• [Task requirements]: With pictures left out, copy exactly every line from the one containing "名前: AllowUpgradesWithUnsupportedTPMOrCPU(DWORD 32ビット値)" through the end of the material.
━━━ Data segment
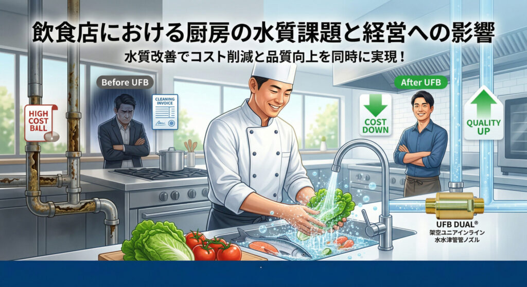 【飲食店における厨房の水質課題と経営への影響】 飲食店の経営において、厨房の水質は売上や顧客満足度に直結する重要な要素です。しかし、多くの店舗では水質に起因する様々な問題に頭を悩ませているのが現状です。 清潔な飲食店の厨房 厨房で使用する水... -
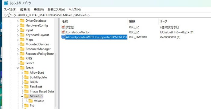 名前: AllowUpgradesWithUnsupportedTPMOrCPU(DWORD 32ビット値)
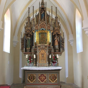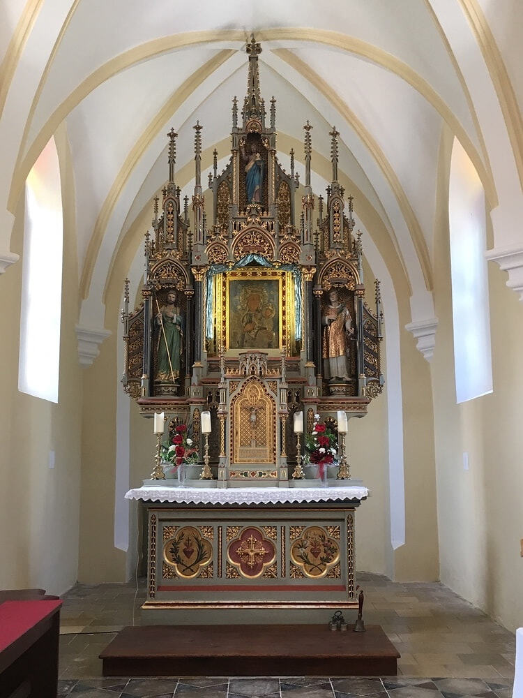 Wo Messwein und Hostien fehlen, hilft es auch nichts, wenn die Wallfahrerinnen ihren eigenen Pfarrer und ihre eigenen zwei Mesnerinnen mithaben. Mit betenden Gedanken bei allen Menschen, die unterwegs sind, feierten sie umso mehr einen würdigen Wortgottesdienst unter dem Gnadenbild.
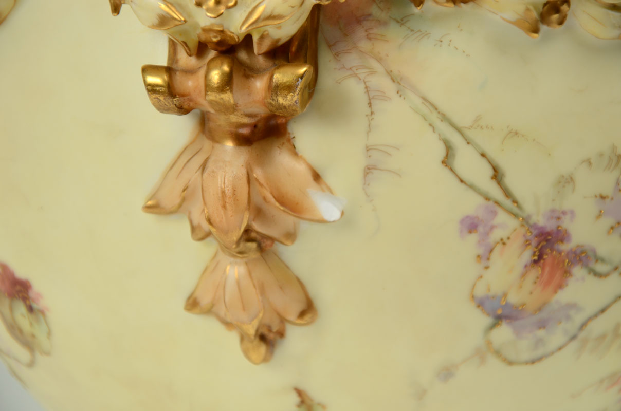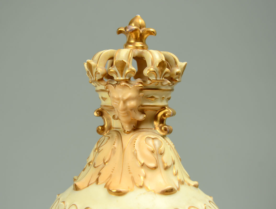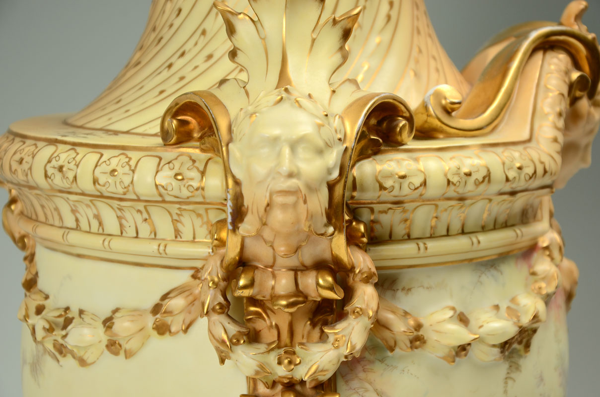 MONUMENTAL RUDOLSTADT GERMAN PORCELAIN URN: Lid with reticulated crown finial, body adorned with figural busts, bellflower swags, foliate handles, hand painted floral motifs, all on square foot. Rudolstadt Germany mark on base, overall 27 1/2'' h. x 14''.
━━━━━━
• [Completed task]:
 名前: AllowUpgradesWithUnsupportedTPMOrCPU(DWORD 32ビット値)
 Wo Messwein und Hostien fehlen, hilft es auch nichts, wenn die Wallfahrerinnen ihren eigenen Pfarrer und ihre eigenen zwei Mesnerinnen mithaben. Mit betenden Gedanken bei allen Menschen, die unterwegs sind, feierten sie umso mehr einen würdigen Wortgottesdienst unter dem Gnadenbild.
 MONUMENTAL RUDOLSTADT GERMAN PORCELAIN URN: Lid with reticulated crown finial, body adorned with figural busts, bellflower swags, foliate handles, hand painted floral motifs, all on square foot. Rudolstadt Germany mark on base, overall 27 1/2'' h. x 14''.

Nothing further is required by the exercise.